[DATA PROVIDED]:
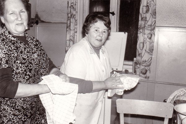 Meine Mutter bereitete in der kaum 11 Quadratmeter kleinen Küche hinter dem Gastraum solide Hausmannskost zu, von der noch Jahre nach ihrem Tod gesprochen wurde. Dabei waren die Möglichkeiten nicht nur aus heutiger, sondern auch aus damaliger Sicht bestürzend schlicht. Es gab lediglich einen elektrischen Herd, der später durch einen Gasherd ergänzt wurde. Sowohl die Küchenmöbel als auch ein Großteil der Einrichtung unserer Wohnung hatten nach dem Ende des Krieges mit der Mutter den Weg von Polen über Freital hierher gefunden. Das Geschirr wurde in einer Emailleschüssel abgewaschen, und der einzige Anklang an den Fortschritt fand sich in Gestalt eines Kühlschranks, der allerdings nur im Nebenraum Platz hatte.
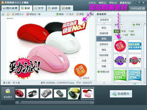 第二步:批量添加素材。将图片导入美图淘淘后,切换到“素材”窗口,从窗口右侧“在线素材”中选择并单击一种素材,素材自动叠加到图片上,调整好大小和位置,即可给网店图片批量加上素材(如图6)。
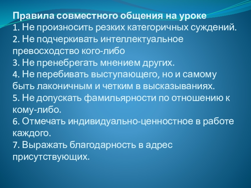 5. Все и каждый имеют право высказать мнение относительно проведенного занятия.
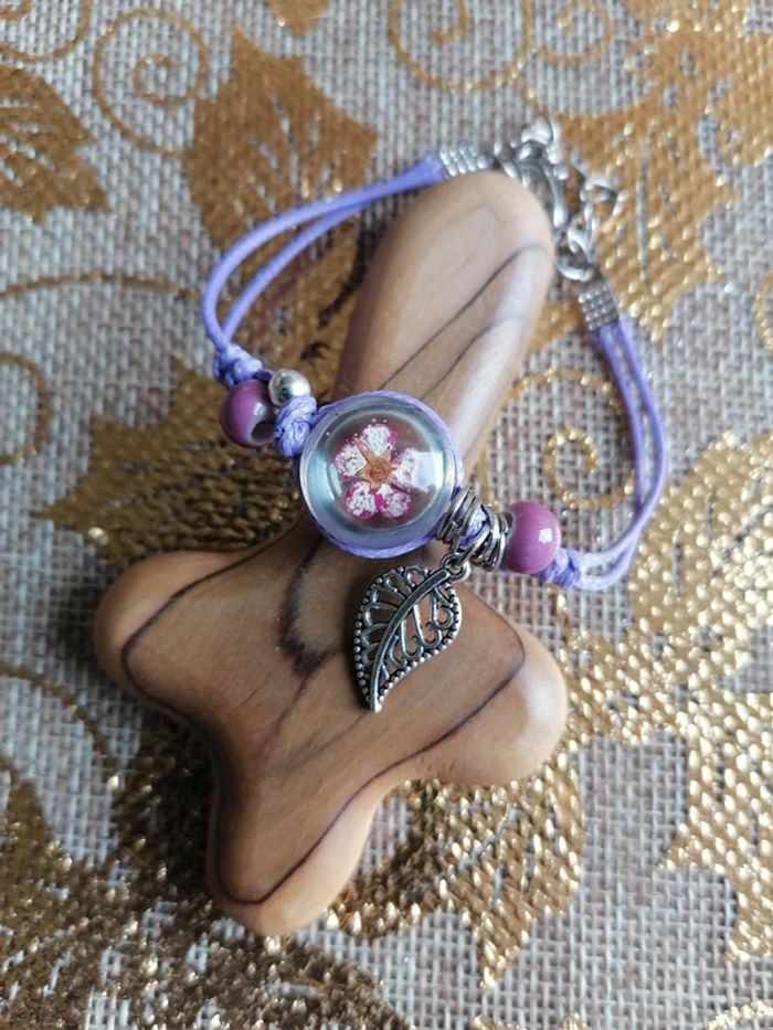 bracelet en résine avec fleur violette
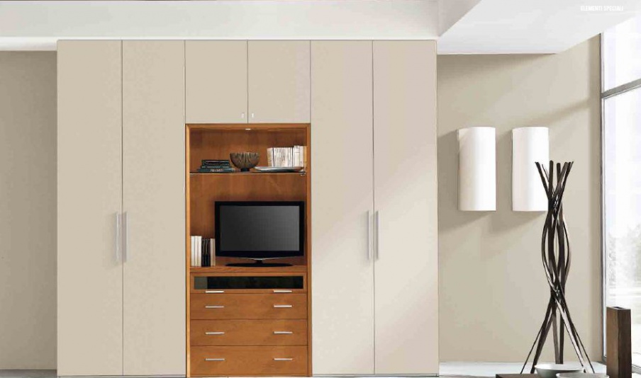 Modular system for TV Anta Liscia Tecnica from the Italian manufacturer Serenissima. Made from solid wood, surface: varnish, matte finish. The Central niche for the TV in the finish from the cherries. Accessories metal. Colors from the range, perhaps a combination of white facades and natural wood. The product in modern style. Combines functionality and beauty. A perfect choice for modern interior design living room, study.
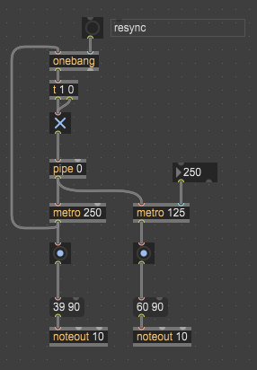 I’m experimenting with polyritmic in my patch and I’m having a problem synchronizing metro objects.
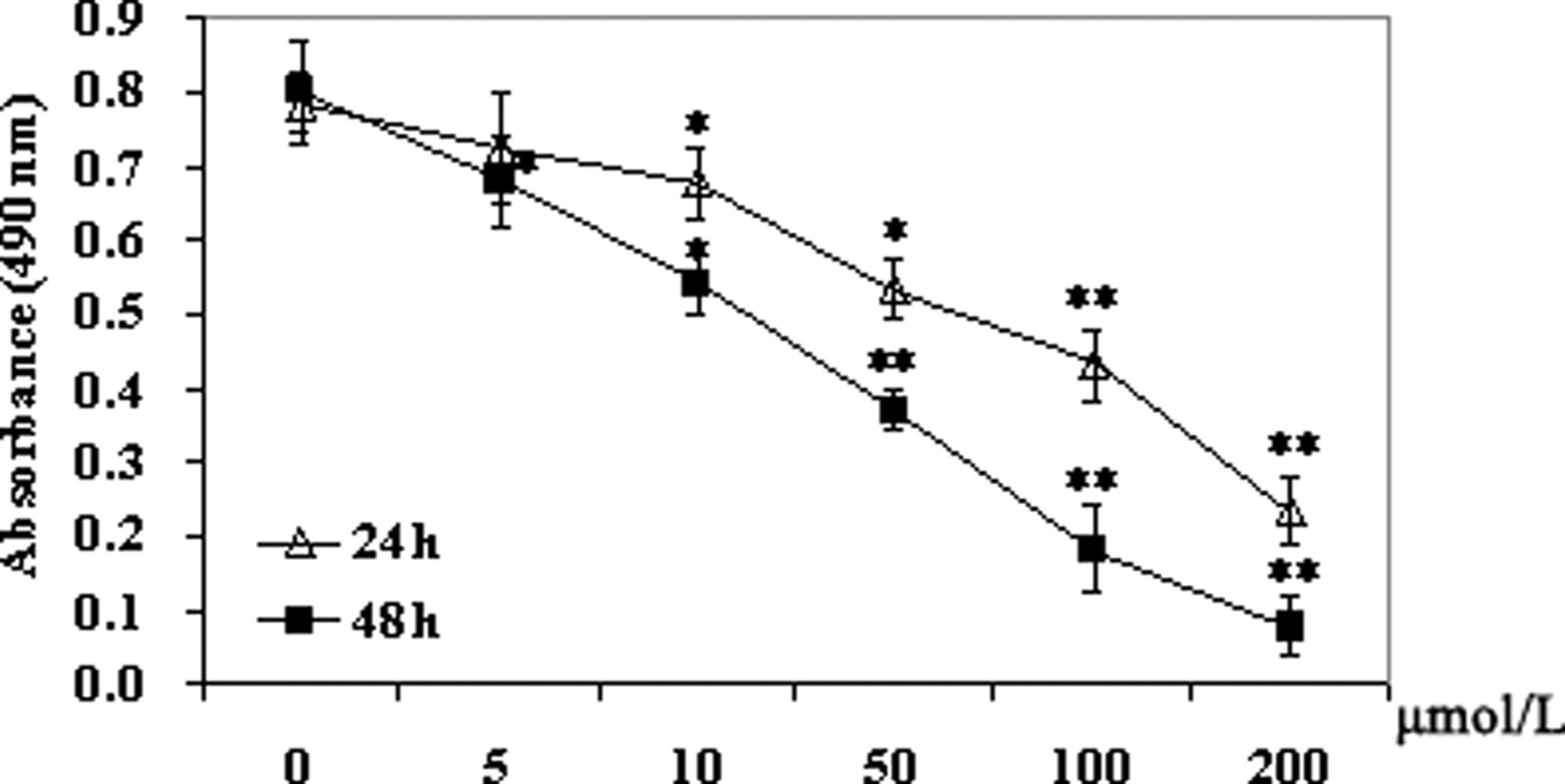 As expected, PFOS showed cytotoxic activity. In comparison with the control cells, N9 cells exposed to PFOS for 24 and 48 hours showed a significant dose-dependent inhibition of cell growth at a concentration of 10 μmol/L or higher (
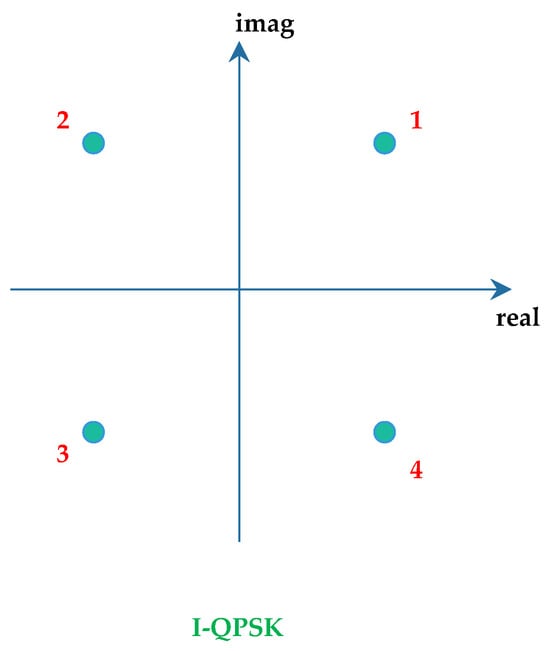 First, extract the real parts {I1, I2,…, IN} and imaginary parts {Q1, Q2,…, QN} of the first data sequence as the fourth and fifth data sequences, respectively. Then, perform a left cyclic offset on the fourth data sequence to obtain {I2, I3,…, IN, I1}. Next, add this offset sequence with the fifth data sequence to generate a second data sequence of length N: {I2 + Q1, I3 + Q2,…, IN + QN-1, I1 + QN}. In this case, we are considering θ = 0, so the phase rotation operation can be omitted. Insert these elements sequentially between adjacent elements in the first data sequence to form a third data sequence of length 2N: {I1 + Q1, I2 + Q1, I2 + Q2, I3 + Q2,…, IN + QN-1, IN + QN, I1 + QN}. This results in an I-QPSK modulated data sequence. It is worth noting that the interpolation results of I-QPSK can be generated based on left or right cyclic offset of the real part, and these two schemes have the same performance and PAPR. The example provided in this article is a left cyclic offset; this is equivalent to (1 + D) π/2 BPSK in article [], but the right cyclic offset is not. The constellation diagram for I-QPSK is shown in Figure 2. The odd symbols of I-QPSK are the QPSK symbols, the even symbols are obtained by QPSK cyclic offset and phase rotation, and the constellation diagram is exactly these four points, so the constellation diagram after interpolation is the same as the constellation diagram of QPSK. However, the generation process and meaning of constellation points of even symbols and constellation points of QPSK are different.
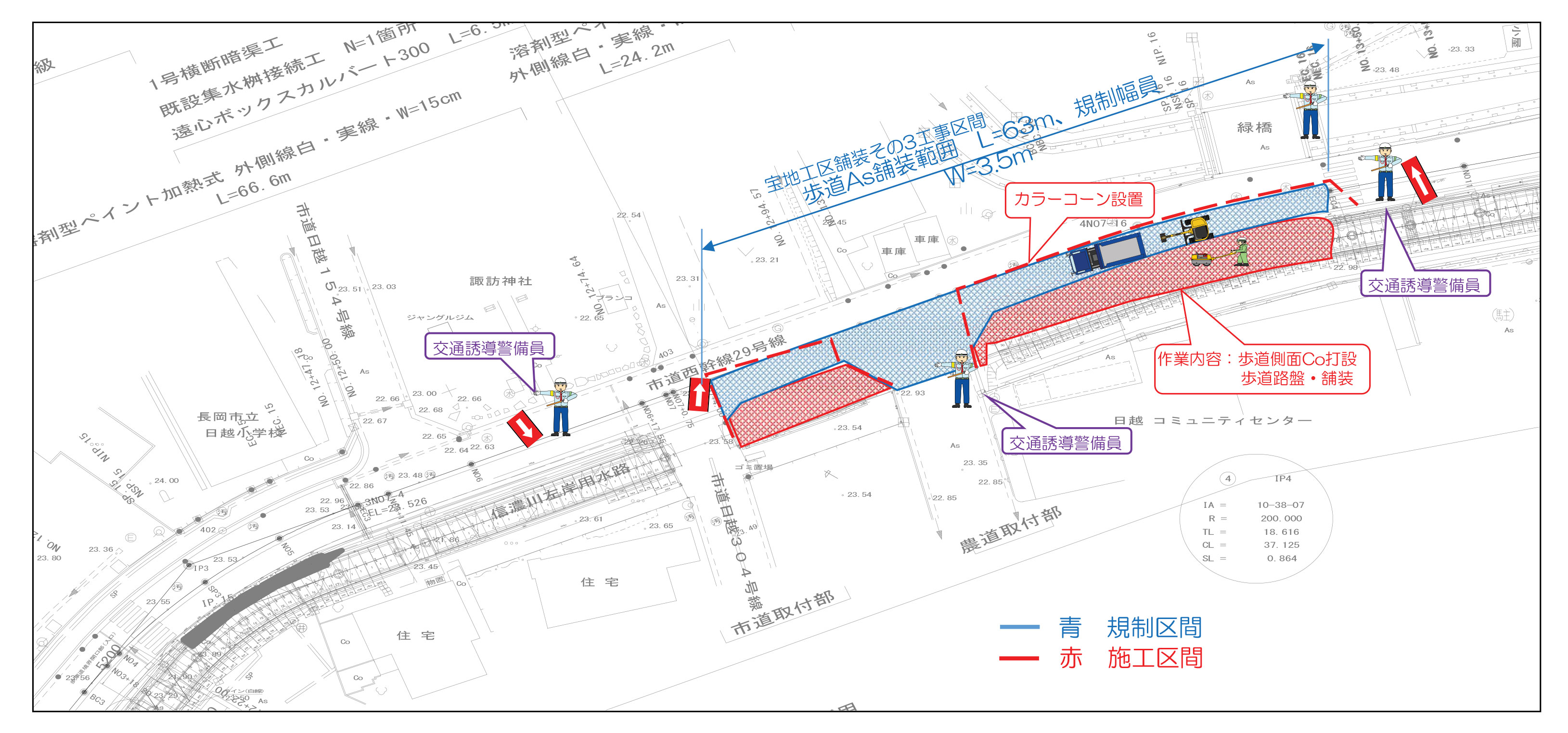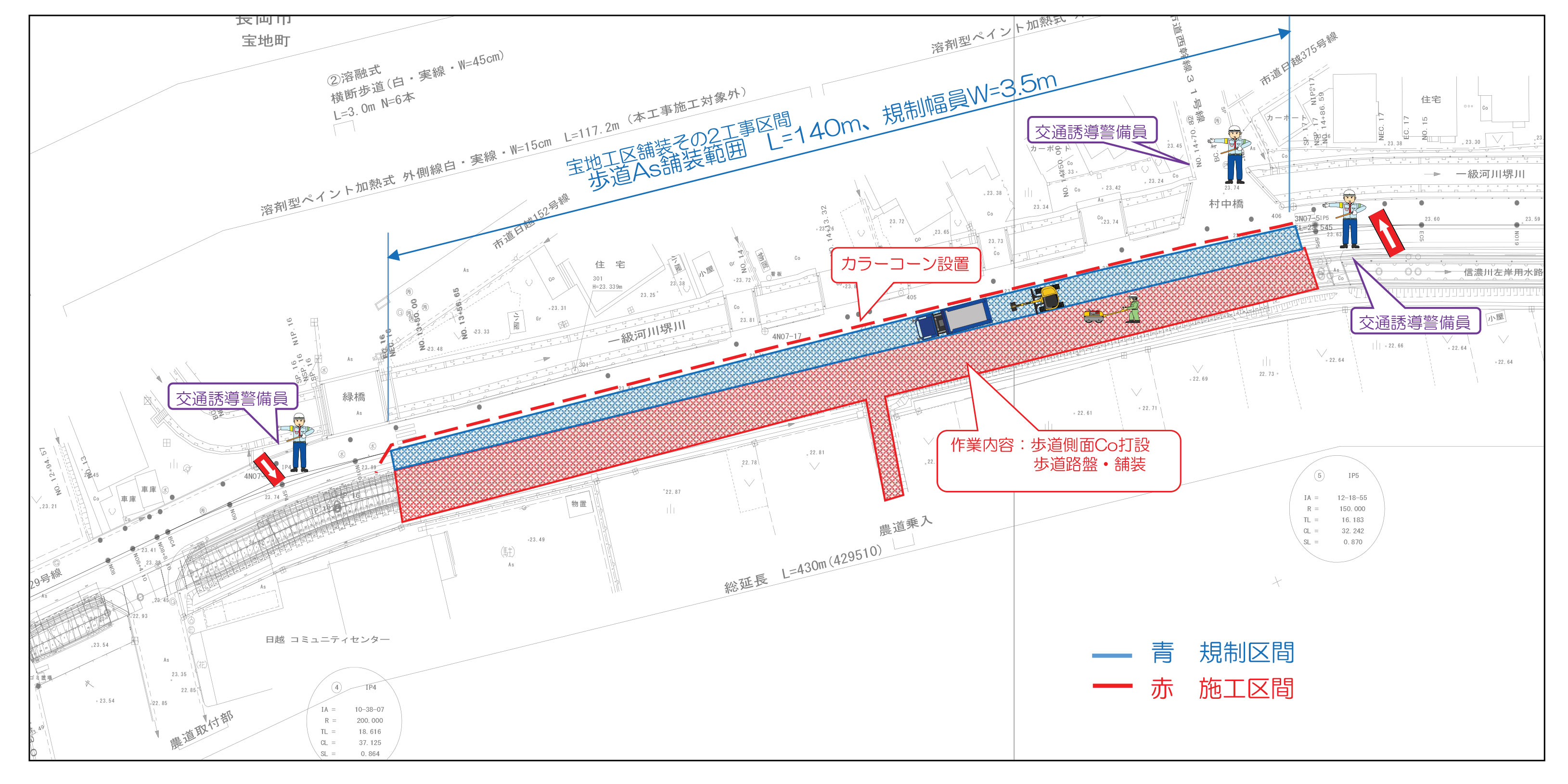 歩道舗装施工延長が長い為、片側交互通行規制を4分割し、施工します。
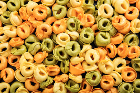 Tri Colored Tortellini Pasta / Multicolor or Colorful. Italian Food.

[PROBLEM TO SOLVE]: From the line containing "歩道舗装施工延長が長い為、片側交互通行規制を4分割し、施工します。" down to the final line of the records above, restate every line word for word, add nothing, and skip the pictures.

[ANSWER SECTION]:
 歩道舗装施工延長が長い為、片側交互通行規制を4分割し、施工します。
 Tri Colored Tortellini Pasta / Multicolor or Colorful. Italian Food.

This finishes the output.